A couple weeks ago, I called my health insurance company because I finally got the EOB (explanation of benefits) for the genetic test I had back in December. The total amount billed to insurance by the medical center was more than $5,000. Of that total, the insurance company paid a bit less than half.
Before I had the test done, the genetic counselor told me that the company doing the test — Ambry Genetics, one of the companies I could choose from depending on which version of the test I selected — would call me to authorize any out-of-my-pocket cost above $100. As I never got a call from Ambry, I assumed that $100 was the most I would have to pay. Not a bad price if it bought some peace of mind.
(Note: Your mileage may vary. Insurance companies do not always cover genetic testing; they usually require a definite indication of a genetic risk because of personal or family health history.)
But here’s the truth of it. My out-of-pocket cost was – nothing.
Not even one bright, shiny, Lincoln penny.
According to the insurance company, by law, the testing company cannot bill me. So even the $100 I was expecting to pay remains in the bank. And that’s good news.
The other good banking news appears in this paragraph on the report of my test results:
“If you have a personal history of cancer, you may wish to pursue DNA banking. DNA banking involves providing a DNA sample to a facility who will store it for a set period of time. Since it is always more informative to perform genetic testing on someone who has been diagnosed with cancer, DNA banking helps ensure that your DNA sample would be available to your family members, should additional genetic testing options become available in the future.”

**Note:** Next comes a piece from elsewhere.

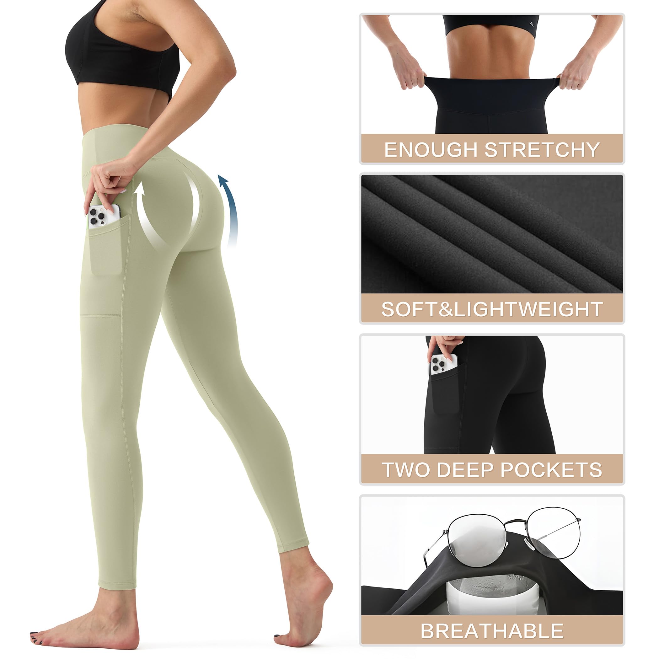 💗【HIGH WAIST TUMMY CONTROL】Our high waisted leggings offer lightweight comfort. The wide waistband with tummy control ensures a smooth and secure fit, accentuating your figure perfectly. They strike the perfect balance between fashion and functionality. With fewer seams, these leggings provide a cleaner and sleeker look, contouring your curves and body structure beautifully, without the concern of irritation or bruising on the inner thighs.

This was the first I’d heard of DNA banking. But as this chart shows, the list of gene mutations – and the related cancer syndromes – that can be tested for is lengthy and ever-changing (note the recent additions in red). As the field of genetics grows, allowing us to track our individual health inheritance, so grows the need to compile and update the genetic formulas that affect us.
The various cancer-related DNA banks scattered in research facilities around the country have been collecting data on cancer genetics for a while. As is too often true with technology, however, there’s a compatibility issue that impedes researchers who want to collect, access, and compare information in their study of cancer.
But now, the National Cancer Institute has launched a project they call the Genomic Data Commons. Researchers in this project are collecting, standardizing, and streamlining access to these data sets from cancer patients across the country. The project is part of President Obama’s National Cancer Moonshot, spearheaded by Vice President Joe Biden, whose son died of cancer. So far, the data collected equals 4.1 petabytes (petabytes!) of information (1 petabyte = 1 million gigabytes).
Whether it’s about the money or genes in the bank, the situation for those of us affected by cancer grows a little brighter.